IFRS: 'Buckle your seatbelts'
The "date certain" for conversion to International Reporting Standards (IFRS) may be as soon as 2014, according to Kenneth Marshall, a partner in E&Y's Assurance & Advisory Business Services practice, which, with three-year comparative reporting, will mean that U.S. companies should begin the process of adapting their accounting and other business systems within the next eighteen months. "Companies need to have their eye on the ball right now, or risk scrambling for resources," Marshall said at an E&Y Thought Center Web cast held on June 6, "Are You Ready for IFRS?" that was devoted to practical conversion issues.
On Monday, Financial Accounting Standards Board (FASB) chairman Robert Herz told his audience at the Investor Relations Institute's 2008 annual conference in San Diego, to "buckle their seatbelts" for his headline address on the next chapter in the world of financial reporting, The Cross Border Group reports. Herz said IFRS are coming for U.S. companies, probably within three to five years. He added that standard-setters are not in favor of a lengthy adjustment period. "It will be a swift change to IFRS," he said. "[Having a choice between U.S. GAAP and IFRS] might be an interim step, but it creates a two-language reporting regime."
The pace of change in sentiment in the U.S. since the Securities and Exchange Commission (SEC) roundtables in December has been astonishing, said Danita Ostling, a partner in E&Y's Assurance & Advisory Business Services practice, and a participant in the Thought Center Web cast. The SEC, along with accounting and business leaders, are coming to the conclusion that, "If IFRS are good enough for U.S. registrants, they are good enough for everybody." Although smaller companies may not see the same benefit, there seems to be a developing consensus that a "single set of high quality standards benefits all."
Addressing some of the broad practical challenges that that conversion will bring for accounting professionals and financial executives of U.S. companies, Ostling first raised the question of what will happen to generally accepted accounting principles, GAAP. Ostling voiced her own opinion that private companies were likely to follow [public companies] in time.
Another enormous challenge for companies and the accounting profession is preparing professionals and staff for the change. The AICPA has formed a committee to see what will happen with the CPA exam, Ostling said, and FASB will host a forum on IFRS later this month which includes accounting education and professional certification among the issues to be discussed. Ostling said that changes in accounting interpretations were a constant feature of the profession, noting how many changes had occurred in U.S. GAAP since she and her audience had passed their CPA exams.

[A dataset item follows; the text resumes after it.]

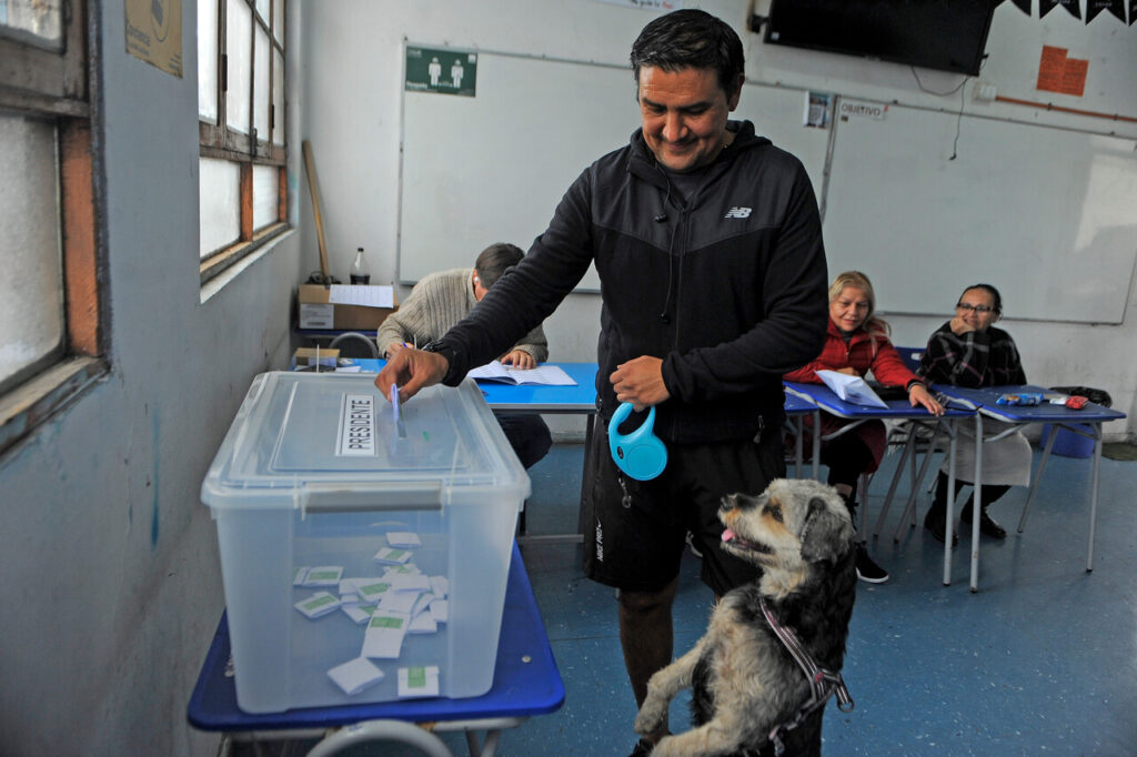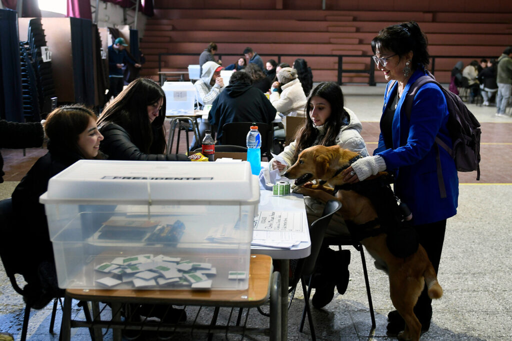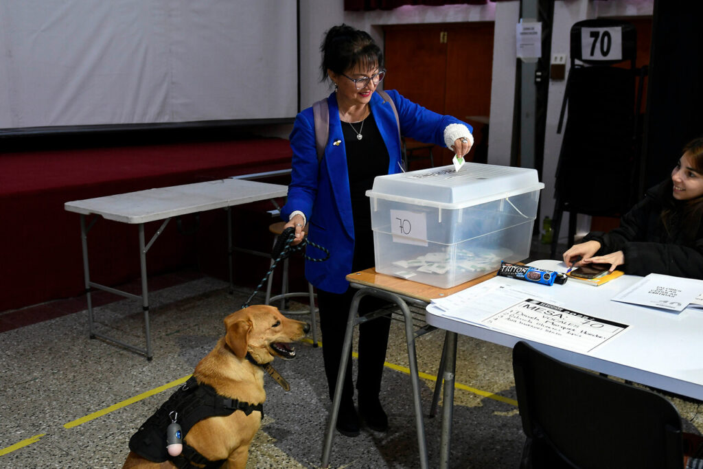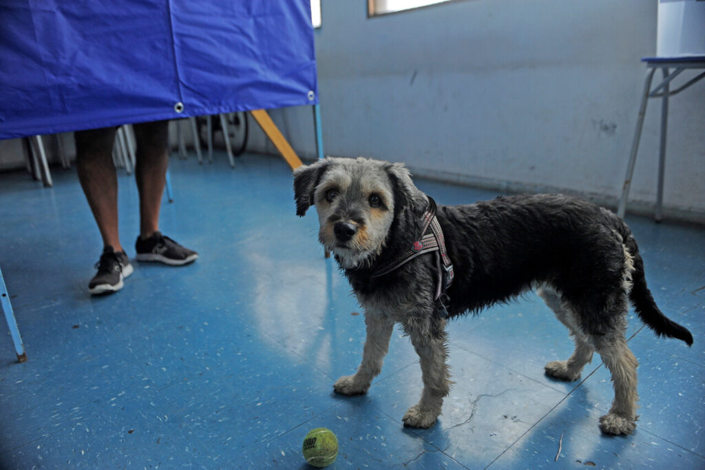 Desde algunos juguetones hasta otros con chalecos debido al frío, los perros se robaron más de una mirada y generaron sonrisas en los locales de votación a lo largo del país.

On a practical level, the conversion to IFRS will affect the whole organization, not just accounting departments, Marshall and Robert Owens, the Deputy Chief Accountant for Alcatel-Lucent said. Accounting departments must adjust to differences in revenue recognition and the way companies capitalize development costs among other issues, but the standards change can potentially impact every aspect of the company affected by financial information; e.g., key performance indicators, employee and executive compensation plans, management's internal reporting, and all systems that are tied to financial information.
Owens, who presented Lucent's conversion story in the Web cast, completed a conversion from GAAP to IFRS that resulted from the merger of Lucent and Alcatel. The project, which took two years, was an accelerated process designed to make the Lucent reporting system fit into Alcatel's existing framework. Owens emphasized that the process was specific to the company, but that in the case of Alcatel-Lucent, the conversion project team identified potential issues in the legal department, relating to contracts, among M&A teams, in tax and investor relations, as well as in IT, auditors and Treasury.
A company will need a fully dedicated project team with the support of the entire organization in order to manage the change, Owens said. The auditor will assist in an advisory capacity, Marshall said. Lessons learned from the Lucent IFRS conversion were that the project team:
Cannot start too early.
Start with a clean sheet of paper. The Lucent team took the approach of identifying and minimizing differences with GAAP. Had he had the time, Owens said, a better approach would have been to start with a clean sheet and evaluate all business processes that were potentially involved.
Fully understand issues, be decisive.
Allow enough time to implement and flush out issues.
Overall costs were nowhere near the cost of SOX 404 implementation, Owens said, although again, this would depend on the company.
Other broad issues that remain to be resolved include coordination with the Internal Revenue Service (IRS) and issues of governance, Ostling said. The IRS is involved in ongoing discussions on interpretation of adjustments to income.
And while IFRS considered on a broad scale represent principles-based rather than rules-based accounting and rely on professional judgment, Sarbanes-Oxley is not going to go away, Ostling said. Companies must be prepared to develop detailed policies and rules that will provide documentation for SOX 404 purposes and well as support professional judgment.
The archived Web cast is available online.